Glimepiride: The most important adverse effect is hypoglycaemia. Other possible effects include dizziness, asthenia, headache, nausea, and rare allergic skin reactions such as itching, redness, urticaria, and rash, which may be temporary.
Pregnancy & Lactation
Pregnancy Category C. Current evidence strongly suggests that abnormal blood glucose levels during pregnancy are associated with an increased risk of congenital anomalies as well as higher neonatal morbidity and mortality. Therefore, most experts recommend insulin monotherapy during pregnancy to maintain near-normal blood glucose levels. The combination of Pioglitazone and Glimepiride should not be used during pregnancy.
Nursing mothers: No studies have been conducted on the combination of Pioglitazone and Glimepiride. It is not known whether Pioglitazone and/or Glimepiride are excreted in human breast milk. Since many drugs are excreted in breast milk, this combination should not be used in breastfeeding women.
Precautions & Warnings
General: Due to its mechanism of action, Pioglitazone is effective only in the presence of endogenous insulin. Therefore, this combination should not be used in type 1 diabetes or for diabetic ketoacidosis.
Hypoglycaemia: All sulfonylureas can cause severe hypoglycaemia. Proper patient selection, correct dosing, and clear instructions are essential. Elderly, debilitated, or malnourished patients, and those with adrenal, pituitary, renal, or hepatic insufficiency are at higher risk.
Loss of glycaemic control: During stress conditions such as fever, trauma, infection, or surgery, temporary loss of blood glucose control may occur. In such cases, the combination may need to be withheld and insulin may be temporarily required. Treatment can be restarted after recovery.
Edema: Pioglitazone may cause fluid retention and should be used with caution in patients with edema or at risk of heart failure, as it may worsen or precipitate congestive heart failure.
Weight gain: Dose-related weight gain may occur due to fluid retention and fat accumulation.
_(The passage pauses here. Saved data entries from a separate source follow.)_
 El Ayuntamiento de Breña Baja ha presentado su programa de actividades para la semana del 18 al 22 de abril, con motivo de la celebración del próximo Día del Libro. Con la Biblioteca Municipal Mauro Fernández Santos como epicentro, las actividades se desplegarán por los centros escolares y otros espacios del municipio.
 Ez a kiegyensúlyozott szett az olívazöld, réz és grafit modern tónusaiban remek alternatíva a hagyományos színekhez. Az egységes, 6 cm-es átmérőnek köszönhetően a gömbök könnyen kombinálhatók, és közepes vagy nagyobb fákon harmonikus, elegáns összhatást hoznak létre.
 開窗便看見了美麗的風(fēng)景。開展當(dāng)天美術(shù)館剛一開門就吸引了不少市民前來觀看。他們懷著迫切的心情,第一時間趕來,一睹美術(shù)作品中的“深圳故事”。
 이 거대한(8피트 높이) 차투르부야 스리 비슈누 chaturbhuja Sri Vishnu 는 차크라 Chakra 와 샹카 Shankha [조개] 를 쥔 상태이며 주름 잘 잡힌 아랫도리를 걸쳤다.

Hepatic effects: Liver function tests should be performed before starting therapy and periodically thereafter. Treatment should not be initiated if ALT is more than 2.5 times the upper limit of normal. If ALT exceeds 3 times the upper limit of normal during therapy, it should be rechecked promptly and treatment discontinued if levels remain elevated. Patients developing symptoms of liver dysfunction such as nausea, vomiting, abdominal pain, fatigue, anorexia, or dark urine should undergo liver function evaluation.
Special Populations
Pediatric Use: Safety and efficacy have not been established in children.
Geriatric Use: Pioglitazone does not require dose adjustment in elderly patients. Glimepiride should be used cautiously due to risk of hypoglycaemia, especially in those with reduced renal function, and renal monitoring is recommended.
Overdose Effects
Symptoms include severe hypoglycaemia with coma, seizures, or neurological impairment. Management includes IV glucose or glucagon administration. Additional carbohydrate intake may be required as hypoglycaemia may recur after initial recovery.
Therapeutic Class
Combination oral hypoglycaemic preparations
Storage Conditions
Store in a cool, dry place. Protect from light and moisture. Keep out of reach of children.